Nate Silver argues "the Democrats need to figure out what their November messages are now and begin planting seeds for them now." Jonathan Bernstein isn't sold:
Stuff such as narratives and messages and all that matter at the margins, as independent influences. Mostly, they are effects, not causes: Bush's narrative in 2002 was different than Bush's narrative in 2006 because the world changed, not because Karl Rove's abilities changed. The press (collectively -- there are exceptions!) pay far too much attention to that kind of thing, and far too little to policy.
The core narrative of Obama's promise and candidacy remains what it always was, in my view. He's struggling against ideology to enact pragmatic reform. This reform will be more liberal than conservative - but that's surely because the conservatism of the past two decades has run aground.

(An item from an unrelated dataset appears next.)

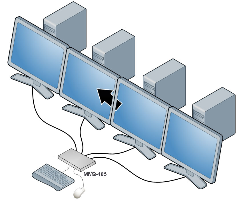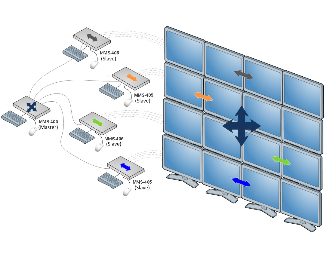 KM-переключатели MMS-405U могут каскадироваться, что увеличивает количество управляемых с одной консоли рабочих станций до 16. Переключение между рабочими станциями может осуществляться при помощи горячих клавиш, а также просто перемещением мыши между экранами - функция "Free Flow". В режиме "Free Flow" оператор просто перемещает курсор мыши в сторону нужного экрана, а переключатель автоматически переключает клавиатуру и мышь на необходимую рабочую станцию.

You're not going to tackle the debt if you refuse to cut entitlements and defense and want to keep cutting taxes. You are not going to end the cruelties of our current healthcare system by tax credits that don't begin to cover the cost of soaring premiums. You're not going to give people with pre-existing conditions access to health insurance unless you have some kind of mandate or subsidies big enough to get more people into the system. You're not going to tackle climate change by denying it is even happening. You're not going to defang al Qaeda by giving it recruitment tools like Gitmo and Bagram.
I wish there were a reformist conservatism out there that began to grapple with its past failures. But the response to defeat has been to ratchet up the abstract ideological construct even more. If your choices are defined as freedom or tyranny, you'll sell some books but you sure won't be able to govern a country. Or deserve to.